Information provided
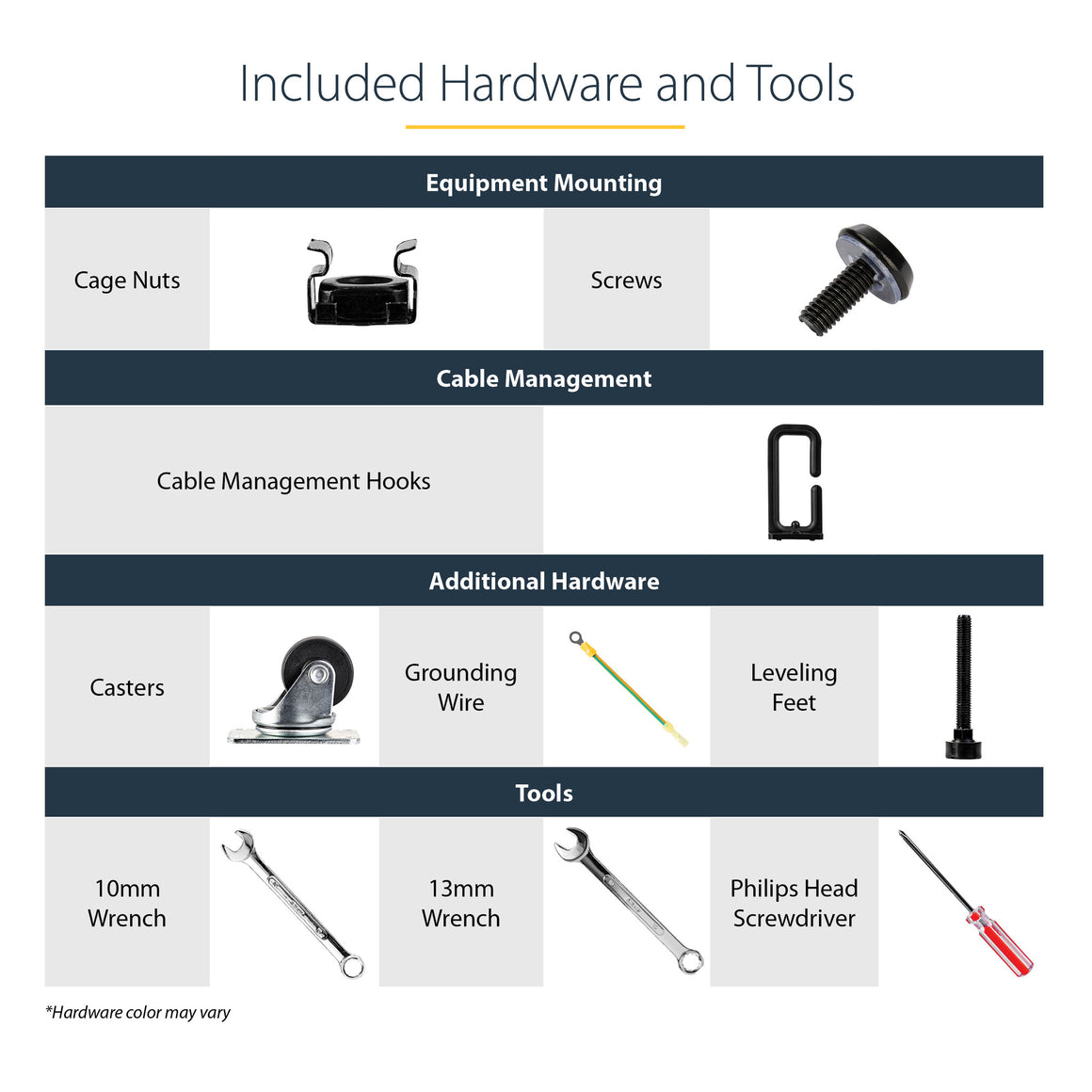 For a complete rack solution that saves you time and hassle, the rack includes optional accessories such as casters, leveling feet and cable management hooks. The base is also pre-drilled for securing the rack to the floor if needed, providing you with many options to customize the rack to fit your environment.
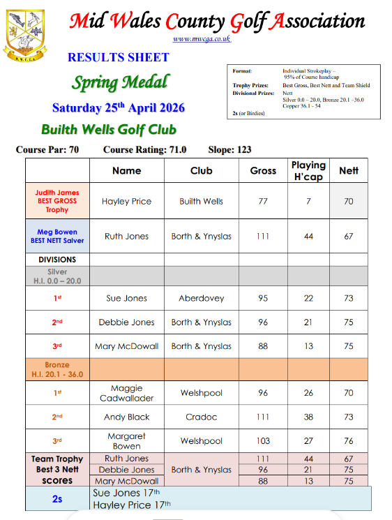 Congratulations to our winners in the Spring Medal which was played at Builth in the glorious sunshine yesterday. The course was in fantastic condition! Thank you to Builth for hosting and to everyone that made it a success β³οΈπ Our next competition is the MWCGA Seniors Trophy on the 9th May, at Borth & Ynyslas followed by the MWCGA Stableford at Brecon GC on Sat 13th June. Entry Forms
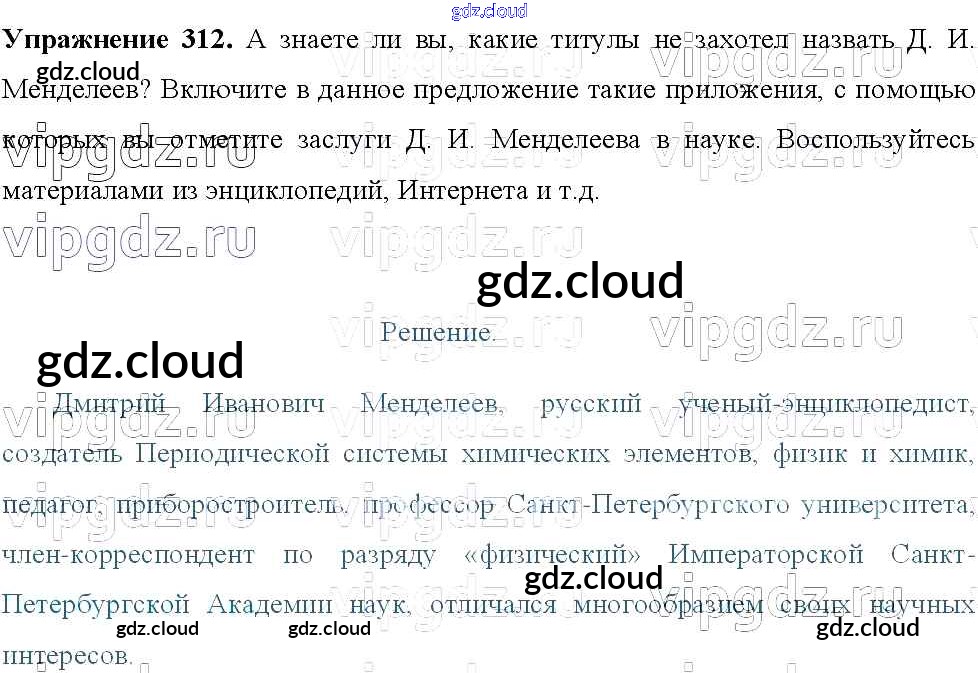 Ответ на задание 312 Учебник Русский язык за 8 (восьмой) класс Тростенцова, Ладыженская, Дейкина, Александрова 2014

What this task involves
Your answer must be an exact copy of the data above, minus its pictures.

Expected answer
 For a complete rack solution that saves you time and hassle, the rack includes optional accessories such as casters, leveling feet and cable management hooks. The base is also pre-drilled for securing the rack to the floor if needed, providing you with many options to customize the rack to fit your environment.
 Congratulations to our winners in the Spring Medal which was played at Builth in the glorious sunshine yesterday. The course was in fantastic condition! Thank you to Builth for hosting and to everyone that made it a success β³οΈπ Our next competition is the MWCGA Seniors Trophy on the 9th May, at Borth & Ynyslas followed by the MWCGA Stableford at Brecon GC on Sat 13th June. Entry Forms
 Ответ на задание 312 Учебник Русский язык за 8 (восьмой) класс Тростенцова, Ладыженская, Дейкина, Александрова 2014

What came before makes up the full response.